Theorem 12.4 says the following about a projection : $P$ self-adjoint is equivalent with $P$ is normal, with $R(P) = N(P)^{\perp}$, and with $(Px,x) = \left\| Px\right\|^2$.

If we just assume (a).$ P\geq Q$ then $(Px,x)\geq (Qx,x)$ which is then the same as $\left\|Px\right\|^2\geq \left\|Qx\right\|^2 $. Can we conclude (b)? Implementing my intuition about projections in $\mathbb{R}^n$ I can see why these things would be equivalent, but working straight from the definitions I can't really work it out.

Some ideas or suggestions?

Answer 1

The equivalence $(b)\iff (c)$ is true in general for "projections" $P, Q$ (i.e. idempotency $P^2=P$ and $Q^2=Q$ suffices). Hint: $PQ=Q \iff (I-P)Q=0$ and $N(I-Q)=R(Q)$.

The equivalence $(c)\iff (d)$ is trivial. Hint: adjoint.

It remains to show that $(a)$ is equivalent to, say, $(b)$. You were off to a good start. One way to do that, is to prove the following useful fact. The equivalence follows immediately given what you already observed.

Fact If $P$ is a self-adjoint projection, then $\|Px\|\leq \|x\|$ for every $x\in H$ and $$R(P)=\{x\in H\;;\; \|Px\|=\|x\|\}$$

Hint Pythagoras.

Answer 2

$(a)\ \Leftrightarrow (c),(d)$ can actually be done for an abstract von Neumann algebra, however it is not as instructive as one could have hoped.

$(a)\ \Rightarrow (c) $ :

• a theorem caracterizing positive elements has that $P\geq Q\ \Leftrightarrow\ \exists R,\ P-Q= R^*R$. (Let's also write it shorter as $S:=R^*R$ but remember that it is positive)
• Writing that $P= Q + S$ is a projection yields (after one simplification) $$S= QS+SQ+ S^2 $$
• One deduce the (trivial, when written in terms of $P,Q$) relation $$(1-Q)S=S(Q+S)\quad \Longrightarrow\quad Q(1-Q)S=0=QS(Q+S) $$ $$\Longrightarrow\quad QSQ+ QS^2=0 $$ But by pluging explicitly the relation $S=P-Q$, one sees that $QS^2=QS^2Q$. Hence we have now a sum of two positive elements that vanish, each is 0. We obtain $$QPQ=Q $$ (in particular $PQPQ=PQ$ and $QP$ are projections, doesnt show orthogonality yet ) and even better $$QSQ=0=QR^*RQ\quad\Longrightarrow\quad RQ=0\quad \Longrightarrow SQ=0 $$ which is what we want.

$(c)\ \Rightarrow (a) $ :

• By definition of the (left/right) support of an element in a von Neumann algebra, namely smallest projection such that $s(q)q=q$ /$qs(q)=q$ (cf.
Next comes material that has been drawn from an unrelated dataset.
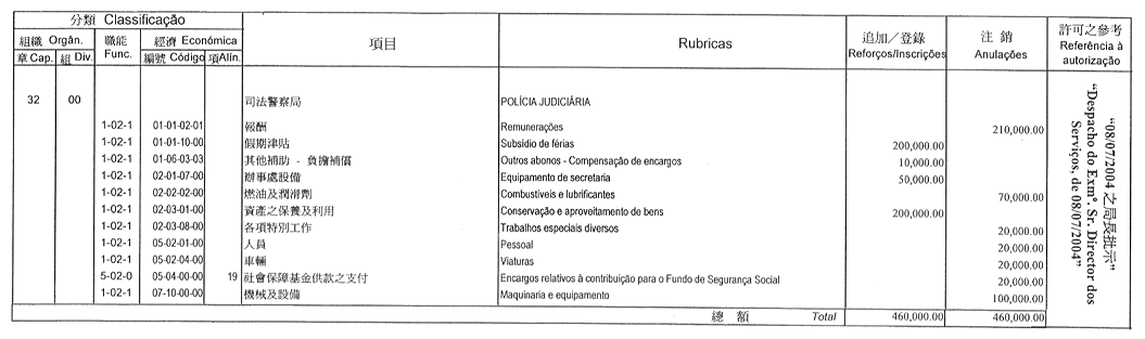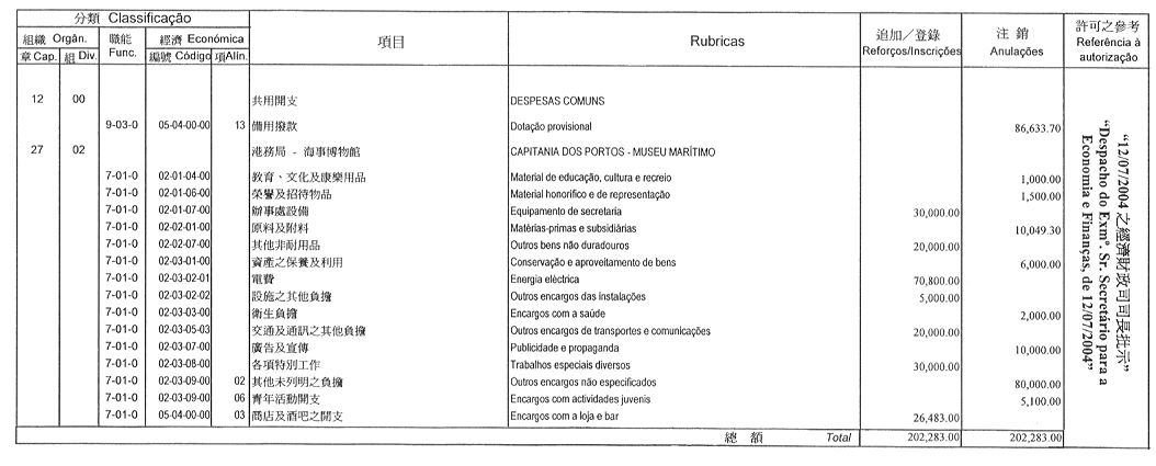 根據九月二十七日第53/93/M號法令第十九條的規定,茲公佈經由保安司司長於二零零四年七月五日批准之澳門監獄基金二零零四年度預算之修改:

Sakai ) $ p\geq s(q)$ where $s(q)$ is the suppot of $q$.
• But one also has $s(q)\leq q$. Hence by the first part of the proof $$ s(q)=s(q)q=q$$ "q projection is its own support" as one could have guessed.

This equivalence means that the order relation defined (as a consequence of positivity) for self-adjoint element in a von Neumann algebra agrees with the one defined by $(c)$ or $(d)$ when restricted to projections.